Indeed, there is an uneasy grey area between moral guilt and complete innocence. Philosophers have been troubled by this ever since Bernard Williams coined the term “moral luck” more than 30 years ago. Strictly speaking, “luck” shouldn’t have anything to do with morality: since Kant, the standard view has been that you’re only responsible for what you do, or could have done but failed to.

Yet in fact, it’s alarming just how much of what we praise and blame people for depends upon factors beyond their control. We condemn the coward, but no-one willingly chooses cowardice. We regard the drunk driver who kills a pedestrian as more culpable than one who doesn’t, even though it’s only random chance that separates the two cases. We tolerate, and indeed reward, an uneven and unearned distribution of talents. The idea that we’re only responsible for what we can control seems to be strained at every turn by our moral intuitions and practices.

And as Williams notes, there is a phenomenon of “agent-regret,” a sense that it would have been better if we had acted differently. Such agent-regret remains even when we know what has happened is not, strictly, our fault. There is, according to Susan Wolf, a “nameless virtue that urges us, as a matter of both moral character and of psychic health, to recognise and accept (to an appropriate degree) the effects of our actions as significant for who we are and for what we should do.”
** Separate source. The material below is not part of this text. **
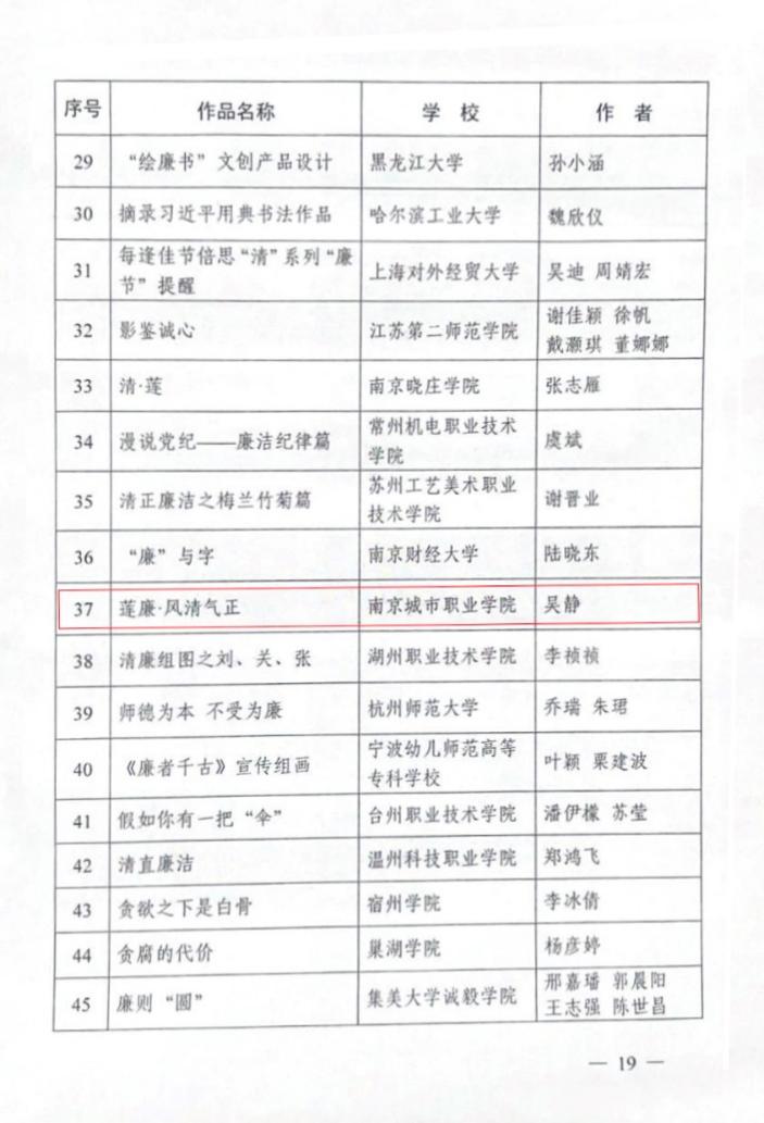 近日,教育部办公厅公布了第九届高校廉洁教育系列活动创意征集遴选结果。我校组织选送的数字文创学院产品艺术设计专业吴静同学作品《莲廉·风清气正》入选“画廉正心”创意征集遴选名单。据悉,我省共 30 件作品入选,优秀作品将在央视网、中国大学生在线、中国教育发布等平台展播。

Journalist Jane Hansen’s revealingly honest piece in the Australian illustrates the grey zone of agent-regret perfectly. It’s a sobering reminder of how unclear the boundaries between guilt and innocence, between culpable agent and victim of circumstance, often are.
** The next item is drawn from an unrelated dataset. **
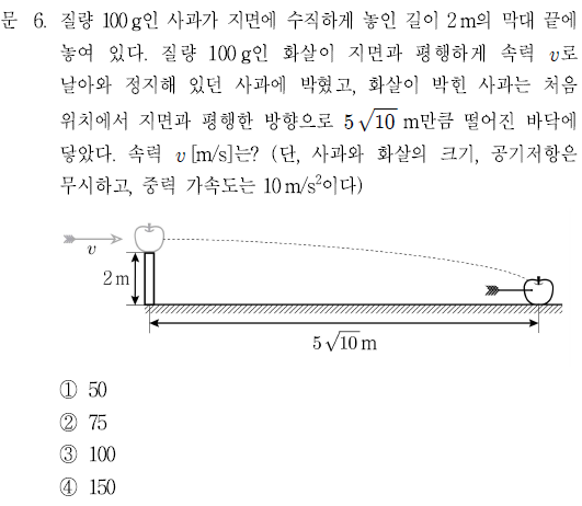 두 질량이 동일한 물체가 합쳐져 속력이 25m/s가 되었으므로 운동량 보존에 의해 처음 속도는 그 두배인 50m/s. 답은 1번입니다.

That’s not what we want, of course. We want to affix blame and move on. We want to carve the world up into the innocent and the guilty and hand out their just deserts.

But we can’t. Think about it for more than a tweet-length and suddenly even our most basic ideas about the limits of responsibility fail us. Who is to blame? Are Greig and Christian to be pilloried or pitied? Can it be both? Neither? It’s simply indigestible.